Imam Ibnul Qoyyim dalam kitab Al-Jawab Al-Kafy mengungkapkan, “Dan terkadang Allah menggetarkan bumi dengan guncangan yang dahsyat, menimbulkan rasa takut, khusyuk, rasa ingin kembali dan tunduk kepada Allah, serta meninggalkan kemaksiatan dan penyesalan atas kekeliruan manusia. Di kalangan Salaf, jika terjadi gempa bumi mereka berkata, ‘Sesungguhnya Tuhan sedang menegur kalian’.”

Khalifah Umar bin Abdul Aziz tak tinggal diam saat terjadi gempa bumi pada masa kepemimpinannya. Ia segera mengirim surat kepada seluruh wali negeri. Inilah isi surat Khalifah Umar bin Abdul Azis setelah terjadi bencana: Amma ba’du, sesungguhnya gempa ini adalah teguran Allah kepada hamba-hamba-Nya, dan saya telah memerintahkan kepada seluruh negeri untuk keluar pada hari tertentu, maka barangsiapa yang memiliki harta hendaklah bersedekah dengannya.”
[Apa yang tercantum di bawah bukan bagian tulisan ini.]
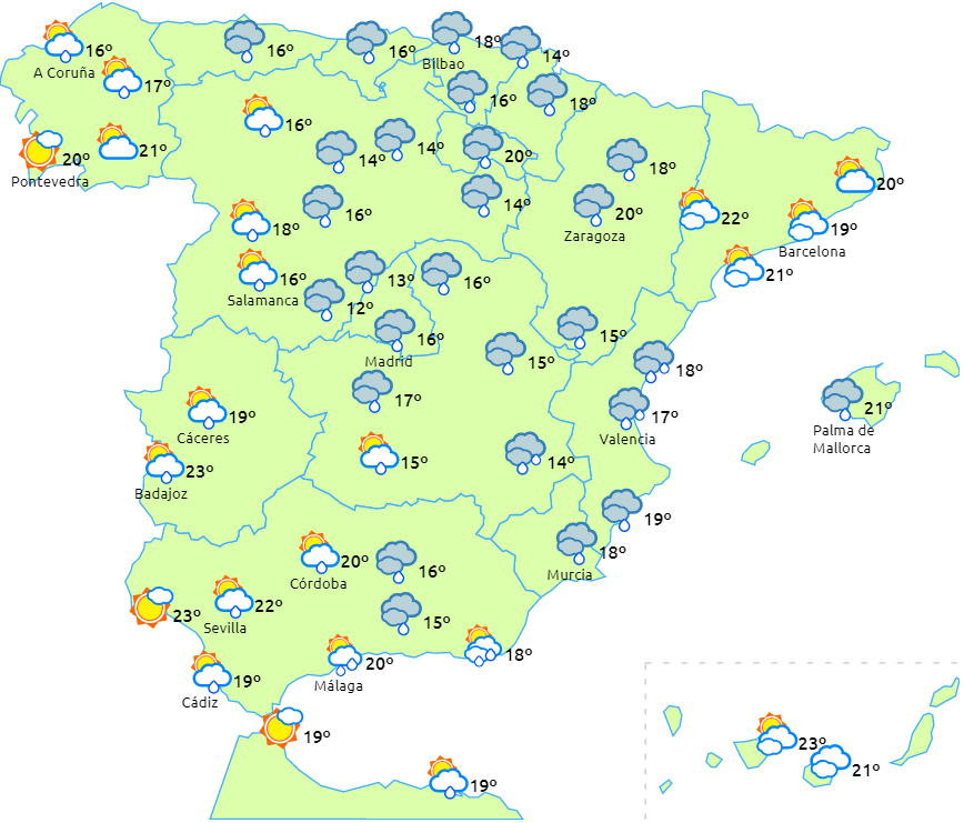 Et lavtryk vest for Galicien resulterer i overskyet himmel over stort set hele halvøen med udbredte regn- og tordenbyger. Med en vis usikkerhedsmargin forventes der lokalt kraftige byger i dele af den østlige halvdel af halvøen, mens de i den sydvestlige og nordøstlige del af halvøen samt på Balearerne vil være mindre sandsynlige og svagere.

“Allah berfirman, ‘Sungguh beruntunglah orang yang membersihkan diri (dengan tobat ataupun zakat). Lalu, dia mengingat nama Tuhannya, lalu ia sembahyang.” (QS Al-A’laa [87]: 14-15).  Lalu katakanlah apa yang diucapkan Adam AS (saat terusir dari surga), ‘Ya Rabb kami, sesungguhnya kami menzalimi diri kami dan jika Engkau tak jua ampuni dan menyayangi kami, niscaya kami menjadi orang-orang yang merugi.”
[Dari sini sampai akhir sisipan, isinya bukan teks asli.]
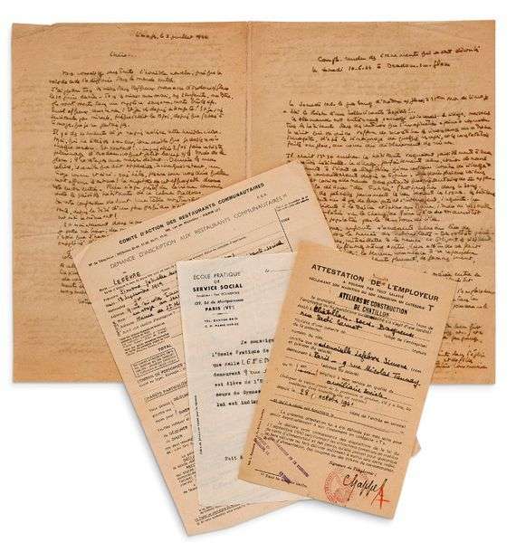 MANUSCRIT autographe avec L.A.S. d'envoie par Simone LEFÈVRE, Limoges 3 juillet 1944| 4 pages in-4.

“Dan katakan (pula) apa yang dikatakan Nuh AS, ‘Jika Engkau tak mengampuniku dan merahmatiku, aku sungguh orang yang merugi’. Dan katakanlah doa Yunus AS, ‘La ilaha illa anta, Subhanaka, Tiada Tuhan selain Engkau, Maha Suci Engkau, sesungguhnya aku termasuk orang-orang yang zalim’.”

Jika saja kedua Umar (Umar bin Khattab dan Umar bin Abdul Azis) saat ini bersama kita, mereka tentu akan marah dan menegur dengan keras, karena rentetan “peringatan” Allah itu tidak kita hiraukan bahkan cenderung diabaikan. Maka, sebelum Allah menegur kita lebih keras lagi,  inilah saatnya kita menjawab peringatannya-Nya. Labbaika Ya Allah, kami kembali kepada-Mu. Insya Allah.